Is the Ideology Gap Growing?
This tweet from John Burn-Murdoch links to an article in the Financial Times (FT), “A new global gender divide is emerging”, which includes this figure:
The article claims:
In the US, Gallup data shows that after decades where the sexes were each spread roughly equally across liberal and conservative world views, women aged 18 to 30 are now 30 percentage points more liberal than their male contemporaries. That gap took just six years to open up.
The figure says it is based on General Social Survey data and the text says it’s based on Gallup data, so I’m not sure which it is. UPDATE: In this tweet Burn-Murdoch explains that the figure shows Gallup data, backfilled with GSS data from before the Gallup series began.
And I don’t know what it means that “All figures are adjusted for time trend in the overall population”. UPDATE: In this tweet, Burn-Murdoch explains that the adjustment mentioned in the figure is to subtract off the overall trend. In the notebook for this article, I apply the same adjustment, but it does not change my conclusions.
Anyway, since I used GSS data in several places in Probably Overthinking It, this analysis did not sound right to me. So I tried to replicate the analysis with GSS data.
I conclude:
- The GSS data does not look like the figure in the FT.
- Women are a more likely to say that they are liberal, by 5-10 percentage points.
- The only evidence that the gap is growing depends entirely on a data point from 2022 that is probably an error.
- If we drop the 2022 data and apply moderate smoothing, we see no evidence that the gap is growing.
Most of the functions in this notebook are the ones I used to write Probably Overthinking It. All of the notebooks for that book are available in this repository.
Click here to run this notebook on Colab
GSS Data
I’m using data from the General Social Survey (GSS), which I previous cleaned in this notebook.
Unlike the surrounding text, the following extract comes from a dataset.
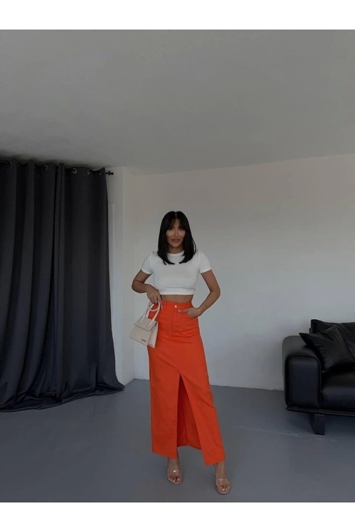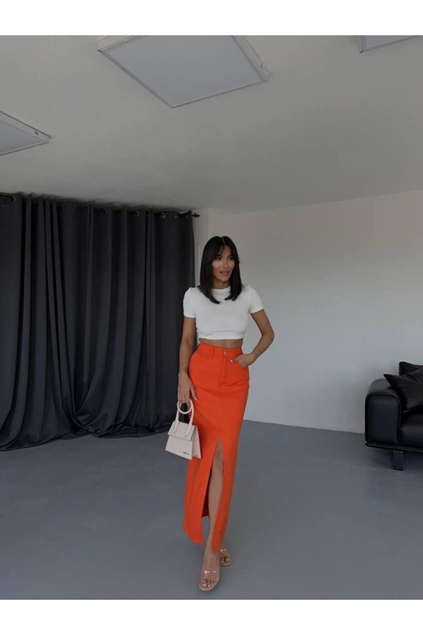 GABARDİN UZUN ÖNDEN YIRTMAÇLI ETEK - Turuncu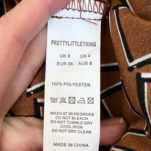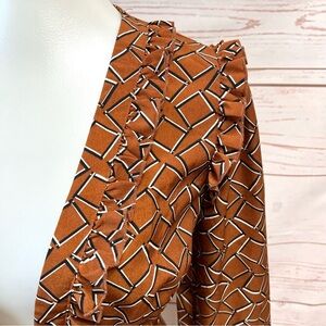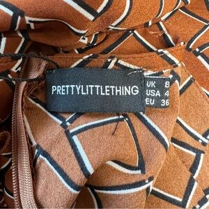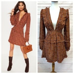Get that perfect daily outfit with this dress. Featuring a brown all over geometric print, ruffle frill puffy sleeve detailing and plunge neckline, team it with statement accessories and strappy heels to complete the look.

The primary variable we’ll use is polviews, which asks:
We hear a lot of talk these days about liberals and conservatives. I’m going to show you a seven-point scale on which the political views that people might hold are arranged from extremely liberal–point 1–to extremely conservative–point 7. Where would you place yourself on this scale?
The points on the scale are Extremely liberal, Liberal, and Slightly liberal; Moderate; Slightly conservative, Conservative, and Extremely conservative.
I’ll lump the first three points into “Liberal” and the last three into “Conservative”
All respondents
The following figure shows the percentage who says they are liberal minus the percentage who say they are conservative, grouped by sex.
In the general population, women are more likely to say they are liberal by 5-10 percentage points. The gap might have increased in the most recent data, depending on how seriously we take the last two points in a noisy series.
Just young people
Now let’s select people under 30.
The trends here are pretty much the same as in the general population. Women are more likely to say they are liberal by 5-10 percentage points.
It’s possible that the gap has grown in the most recent data, but the evidence is weak and depends on how we draw a smooth curve through noisy data.
Anyway, there is no evidence the trend for men is going down — as in the FT graph — and the gap in the most recent data is nowhere near 30 percentage points.
With Sampling Weights
In the previous figures, I did not take into account the sampling weights, partly to keep the analysis simple and partly because I didn’t expect them to make much difference.
And I was mostly right, except for men in 2022 – and as we’ll see, there is almost certainly something wrong with that data point.
In this figure, the shaded area is the 90% CI of 101 weighted resamplings, the line is the median of the resamplings, and the points show the unweighted data. We only have weighted data since 1988, since that’s how far back the wtssps
variable goes.
In most cases, the unweighted data falls in the CI of the weighted data, but for male respondents in 2022, the weighting moves the needle by almost 30 percentage points.
So something is not right there. I think the best option is to drop the 2022 data, but just for completeness, let’s see what happens if we apply some smoothing.
Resampling and smoothing
Here’s a version of the same plot with moderate smoothing, dropping the unweighted data.
You could argue that this figure shows evidence for an increasing gap, but the error bounds are very wide, and as we’ll see in the next figure, the entire effect is due to the likely error in the 2022 data.
Resampling and smoothing without 2022
Finally, here’s the analysis I think is the best choice, dropping the 2022 data for both men and women.
In summary:
- Since the 1990s, both men and women have become more likely to identify as liberal.
- Women are more likely to identify as liberal by 5-10 percentage points.
- There is no evidence that the ideology gap is growing.